--- The data ---
>>>

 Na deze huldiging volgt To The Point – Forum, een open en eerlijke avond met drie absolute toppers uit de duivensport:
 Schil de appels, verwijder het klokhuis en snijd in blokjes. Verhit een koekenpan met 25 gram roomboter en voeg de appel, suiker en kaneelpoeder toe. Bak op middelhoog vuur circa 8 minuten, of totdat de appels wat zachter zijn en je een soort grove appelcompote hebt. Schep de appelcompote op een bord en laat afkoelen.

<<<
>>>

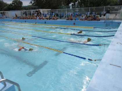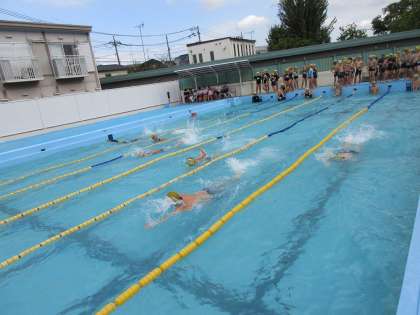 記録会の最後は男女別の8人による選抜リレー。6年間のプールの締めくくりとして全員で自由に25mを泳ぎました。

<<<

--- Exercise objective ---
Could you restate, word for word, the lines above from the one with "Na deze huldiging" to the one with "Schil de appels, verwijder", both included?

--- Response to the exercise ---
 Na deze huldiging volgt To The Point – Forum, een open en eerlijke avond met drie absolute toppers uit de duivensport:
 Schil de appels, verwijder het klokhuis en snijd in blokjes. Verhit een koekenpan met 25 gram roomboter en voeg de appel, suiker en kaneelpoeder toe. Bak op middelhoog vuur circa 8 minuten, of totdat de appels wat zachter zijn en je een soort grove appelcompote hebt. Schep de appelcompote op een bord en laat afkoelen.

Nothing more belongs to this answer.